DATASET CONTENT below:

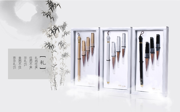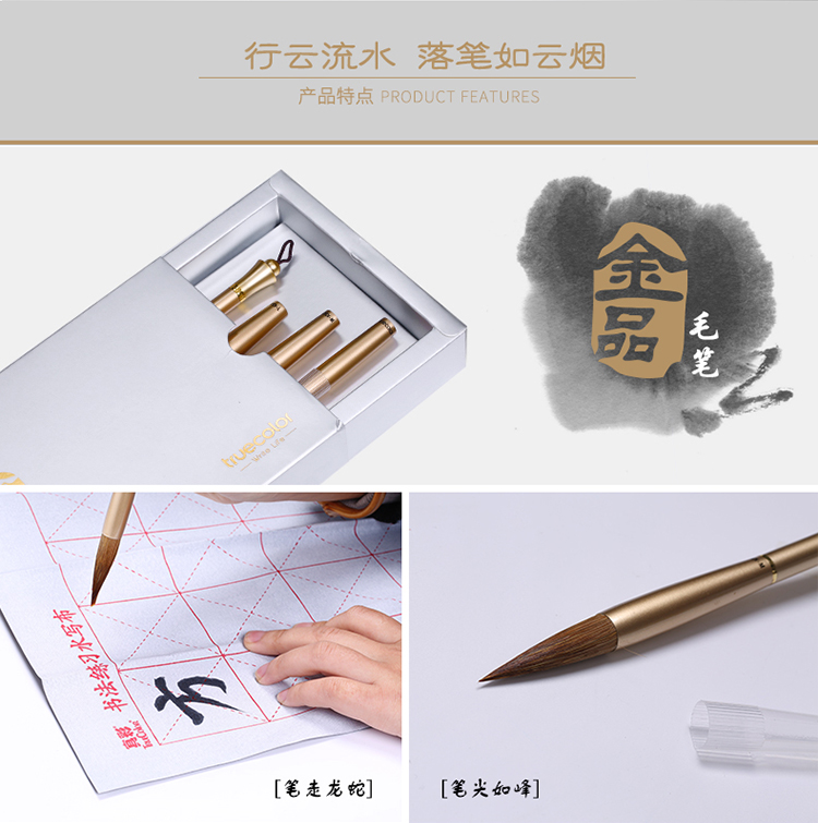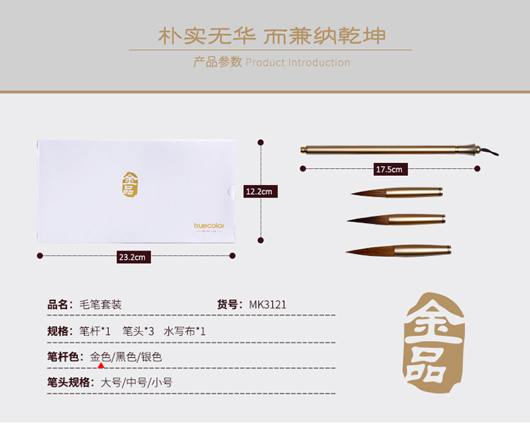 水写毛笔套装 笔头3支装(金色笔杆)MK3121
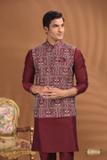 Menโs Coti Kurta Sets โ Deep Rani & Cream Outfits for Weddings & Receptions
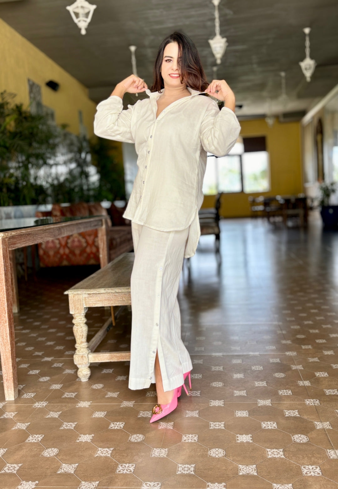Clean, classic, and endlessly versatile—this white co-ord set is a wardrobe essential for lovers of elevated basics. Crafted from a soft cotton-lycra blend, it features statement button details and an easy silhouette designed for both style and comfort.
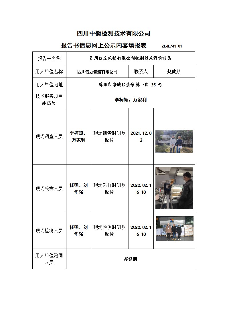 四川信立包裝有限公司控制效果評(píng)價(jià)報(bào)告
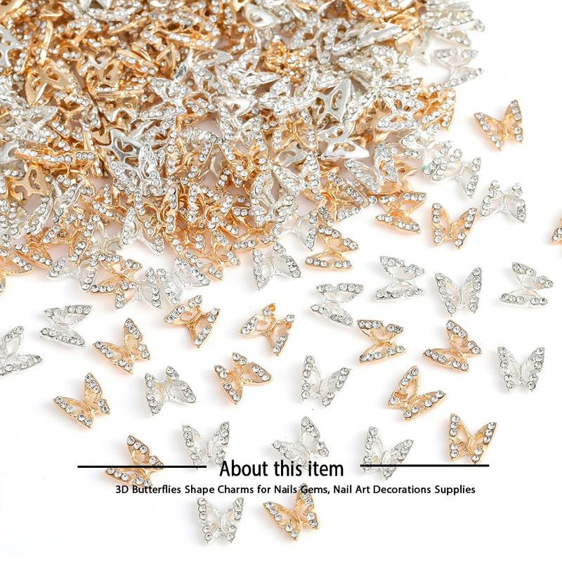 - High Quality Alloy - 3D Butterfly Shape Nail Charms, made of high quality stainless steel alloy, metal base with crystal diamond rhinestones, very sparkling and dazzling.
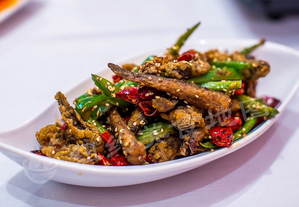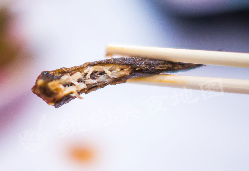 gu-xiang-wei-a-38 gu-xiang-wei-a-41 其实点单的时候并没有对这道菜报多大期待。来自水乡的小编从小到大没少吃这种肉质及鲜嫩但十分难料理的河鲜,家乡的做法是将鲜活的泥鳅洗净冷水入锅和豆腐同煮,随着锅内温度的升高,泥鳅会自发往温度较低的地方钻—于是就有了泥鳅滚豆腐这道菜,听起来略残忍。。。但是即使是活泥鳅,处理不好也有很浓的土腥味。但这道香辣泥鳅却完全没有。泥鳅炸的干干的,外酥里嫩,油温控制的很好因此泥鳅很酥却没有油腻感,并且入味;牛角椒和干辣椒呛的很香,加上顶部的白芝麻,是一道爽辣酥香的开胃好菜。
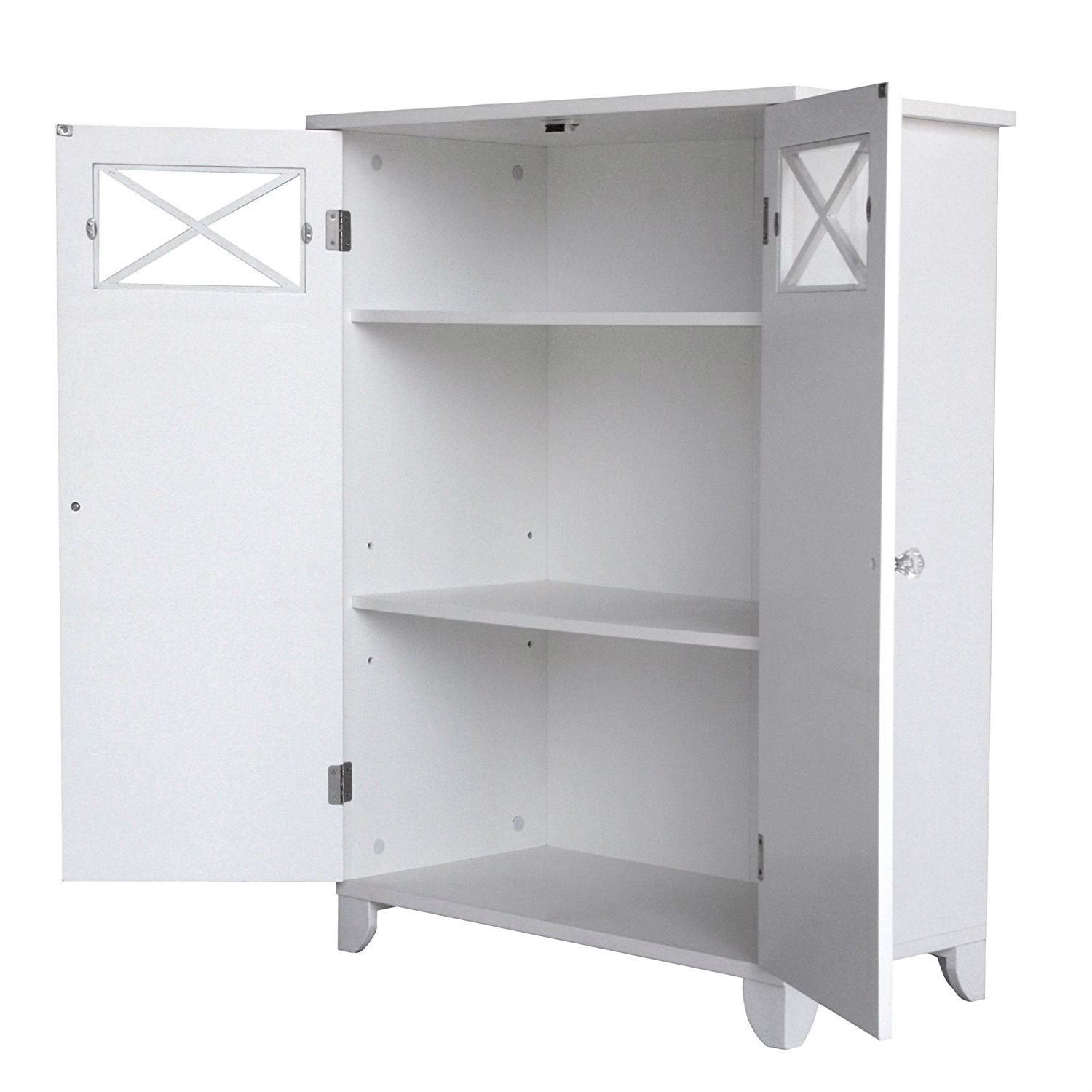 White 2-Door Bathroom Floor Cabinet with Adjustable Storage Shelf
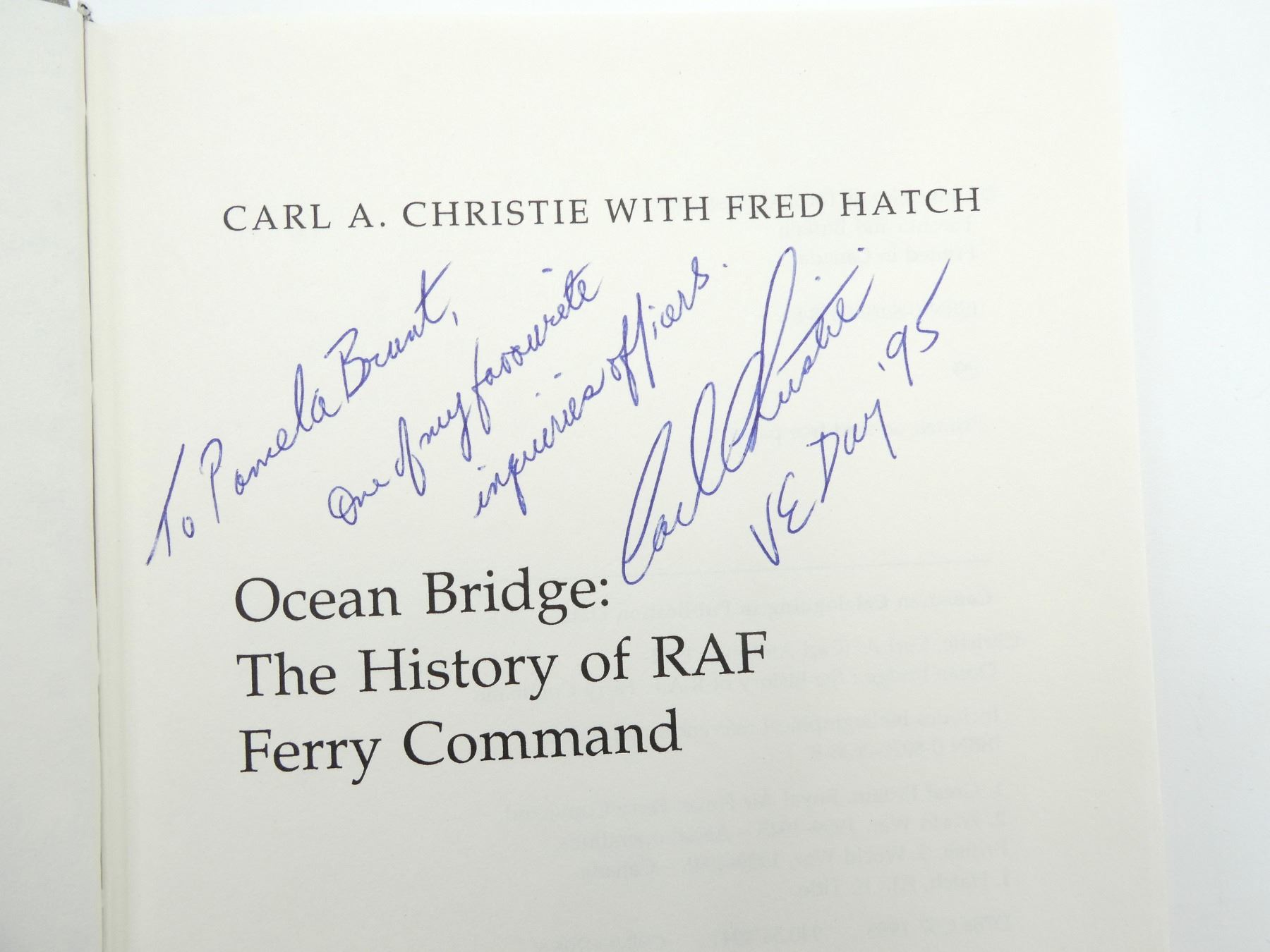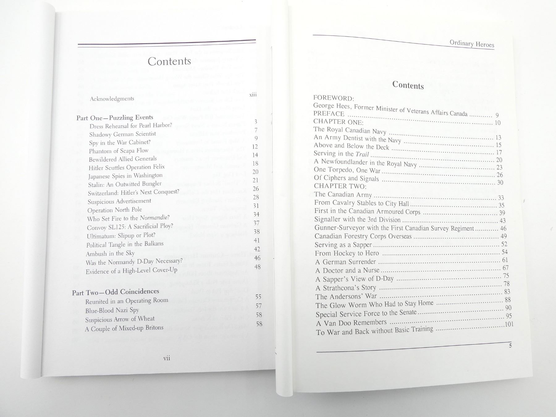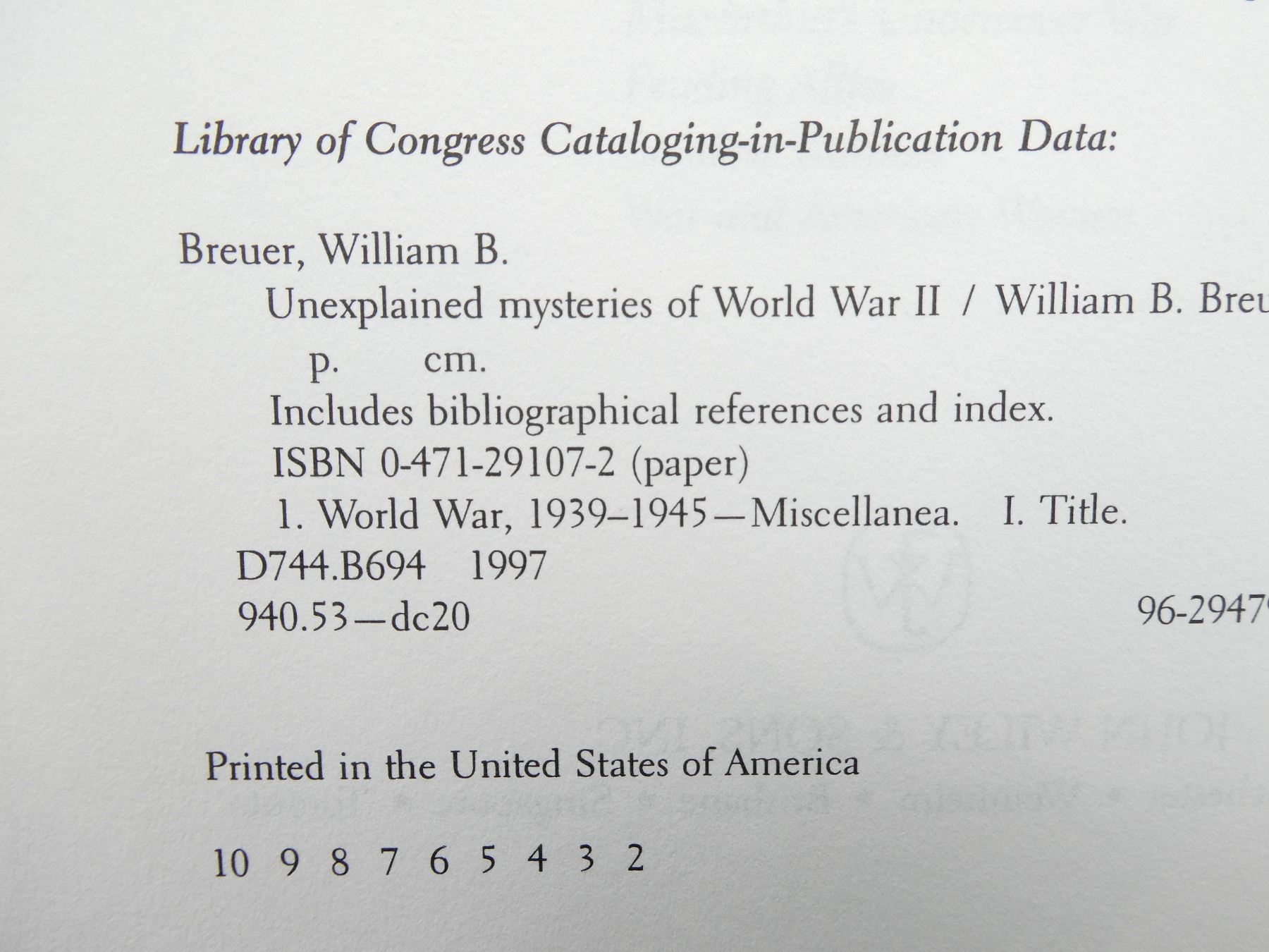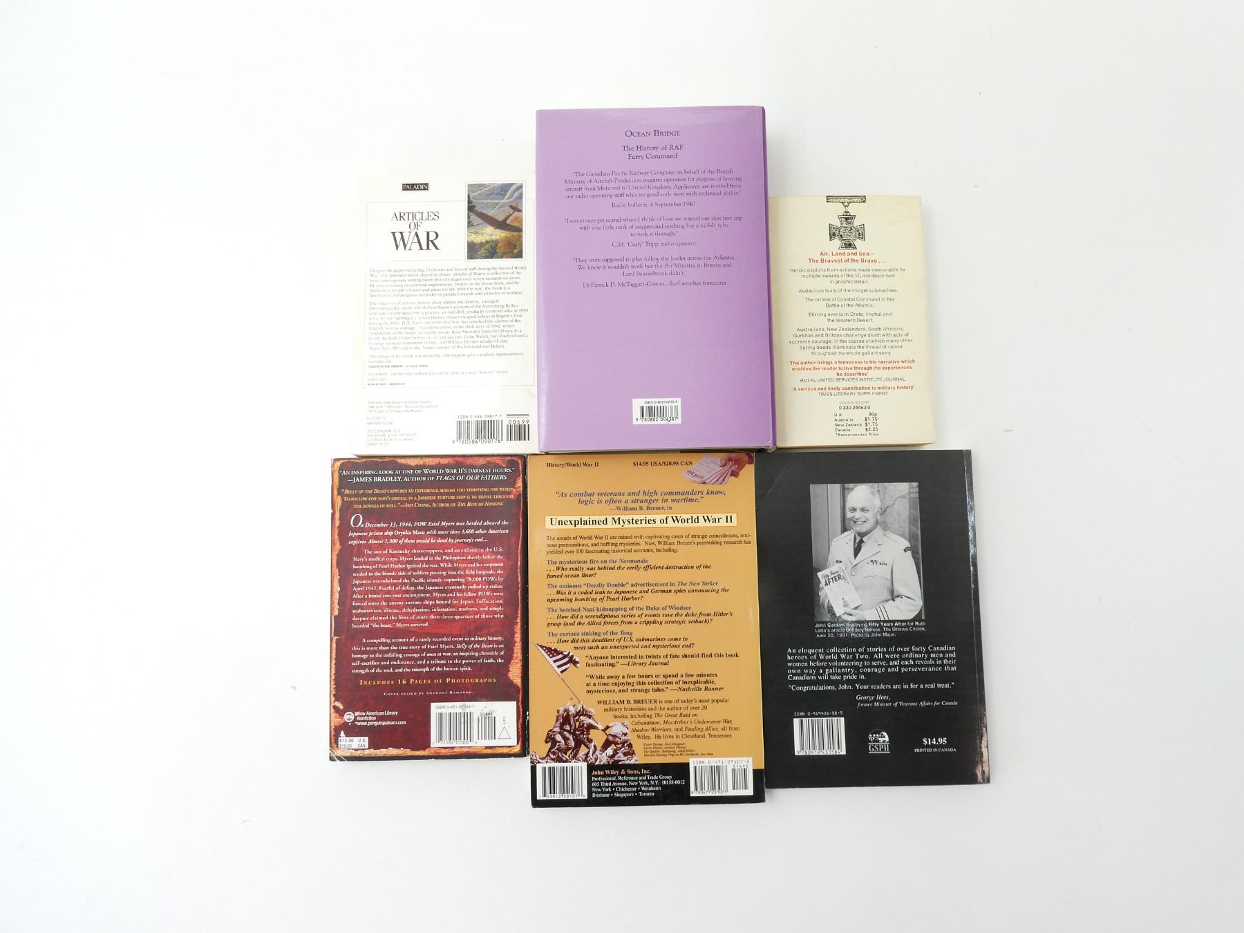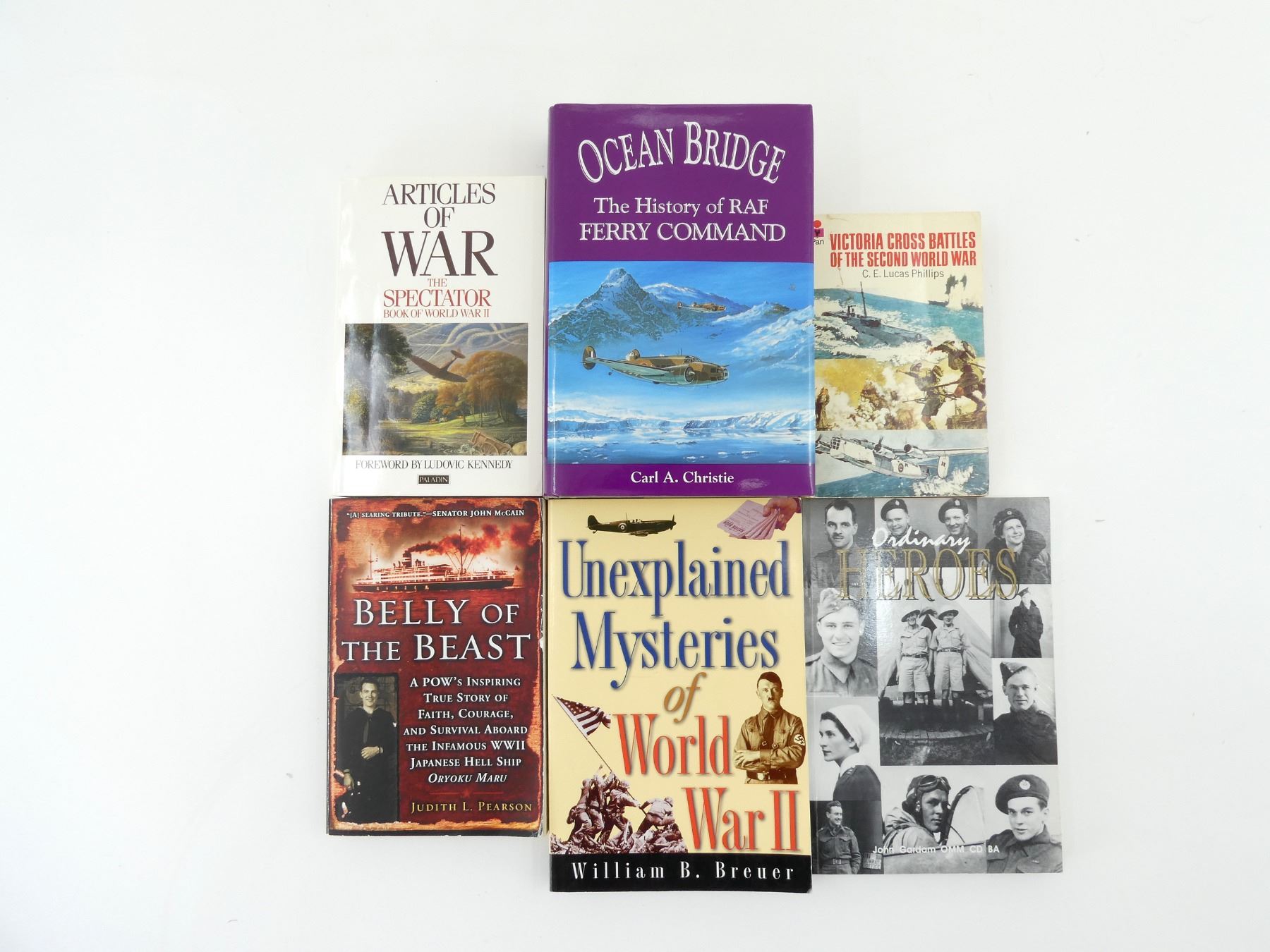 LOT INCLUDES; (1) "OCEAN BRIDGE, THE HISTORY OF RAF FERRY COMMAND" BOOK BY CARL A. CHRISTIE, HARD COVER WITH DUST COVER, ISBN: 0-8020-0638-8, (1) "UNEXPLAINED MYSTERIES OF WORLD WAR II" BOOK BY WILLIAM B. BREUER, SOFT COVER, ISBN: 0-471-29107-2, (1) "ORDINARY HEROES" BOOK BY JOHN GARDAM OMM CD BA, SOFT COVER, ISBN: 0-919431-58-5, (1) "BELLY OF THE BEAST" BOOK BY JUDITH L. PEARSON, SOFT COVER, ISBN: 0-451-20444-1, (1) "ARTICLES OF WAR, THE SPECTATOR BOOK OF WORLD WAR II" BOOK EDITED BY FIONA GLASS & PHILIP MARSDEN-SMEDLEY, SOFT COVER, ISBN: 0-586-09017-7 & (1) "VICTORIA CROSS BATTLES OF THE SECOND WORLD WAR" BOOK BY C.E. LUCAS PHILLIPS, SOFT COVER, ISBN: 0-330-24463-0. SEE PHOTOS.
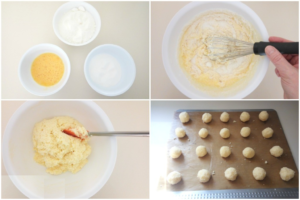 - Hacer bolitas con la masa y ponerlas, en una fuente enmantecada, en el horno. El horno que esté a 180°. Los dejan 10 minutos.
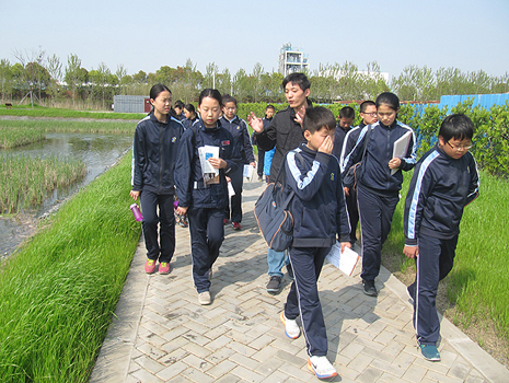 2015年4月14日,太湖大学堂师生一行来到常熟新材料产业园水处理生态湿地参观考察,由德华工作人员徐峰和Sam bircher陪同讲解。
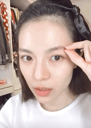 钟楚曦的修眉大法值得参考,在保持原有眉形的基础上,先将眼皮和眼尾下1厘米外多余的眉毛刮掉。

End of DATASET CONTENT.

▶ [TASK REQUIREMENTS]: All lines from the one containing "四川信立包裝有限公司控制效果評(píng)價(jià)報(bào)告" through the end of the entries above must be given again exactly, with every picture omitted.

▶ [YOUR SOLUTION]:
 四川信立包裝有限公司控制效果評(píng)價(jià)報(bào)告
 - High Quality Alloy - 3D Butterfly Shape Nail Charms, made of high quality stainless steel alloy, metal base with crystal diamond rhinestones, very sparkling and dazzling.
 gu-xiang-wei-a-38 gu-xiang-wei-a-41 其实点单的时候并没有对这道菜报多大期待。来自水乡的小编从小到大没少吃这种肉质及鲜嫩但十分难料理的河鲜,家乡的做法是将鲜活的泥鳅洗净冷水入锅和豆腐同煮,随着锅内温度的升高,泥鳅会自发往温度较低的地方钻—于是就有了泥鳅滚豆腐这道菜,听起来略残忍。。。但是即使是活泥鳅,处理不好也有很浓的土腥味。但这道香辣泥鳅却完全没有。泥鳅炸的干干的,外酥里嫩,油温控制的很好因此泥鳅很酥却没有油腻感,并且入味;牛角椒和干辣椒呛的很香,加上顶部的白芝麻,是一道爽辣酥香的开胃好菜。
 White 2-Door Bathroom Floor Cabinet with Adjustable Storage Shelf
 LOT INCLUDES; (1) "OCEAN BRIDGE, THE HISTORY OF RAF FERRY COMMAND" BOOK BY CARL A. CHRISTIE, HARD COVER WITH DUST COVER, ISBN: 0-8020-0638-8, (1) "UNEXPLAINED MYSTERIES OF WORLD WAR II" BOOK BY WILLIAM B. BREUER, SOFT COVER, ISBN: 0-471-29107-2, (1) "ORDINARY HEROES" BOOK BY JOHN GARDAM OMM CD BA, SOFT COVER, ISBN: 0-919431-58-5, (1) "BELLY OF THE BEAST" BOOK BY JUDITH L. PEARSON, SOFT COVER, ISBN: 0-451-20444-1, (1) "ARTICLES OF WAR, THE SPECTATOR BOOK OF WORLD WAR II" BOOK EDITED BY FIONA GLASS & PHILIP MARSDEN-SMEDLEY, SOFT COVER, ISBN: 0-586-09017-7 & (1) "VICTORIA CROSS BATTLES OF THE SECOND WORLD WAR" BOOK BY C.E. LUCAS PHILLIPS, SOFT COVER, ISBN: 0-330-24463-0. SEE PHOTOS.
 - Hacer bolitas con la masa y ponerlas, en una fuente enmantecada, en el horno. El horno que esté a 180°. Los dejan 10 minutos.
 2015年4月14日,太湖大学堂师生一行来到常熟新材料产业园水处理生态湿地参观考察,由德华工作人员徐峰和Sam bircher陪同讲解。
 钟楚曦的修眉大法值得参考,在保持原有眉形的基础上,先将眼皮和眼尾下1厘米外多余的眉毛刮掉。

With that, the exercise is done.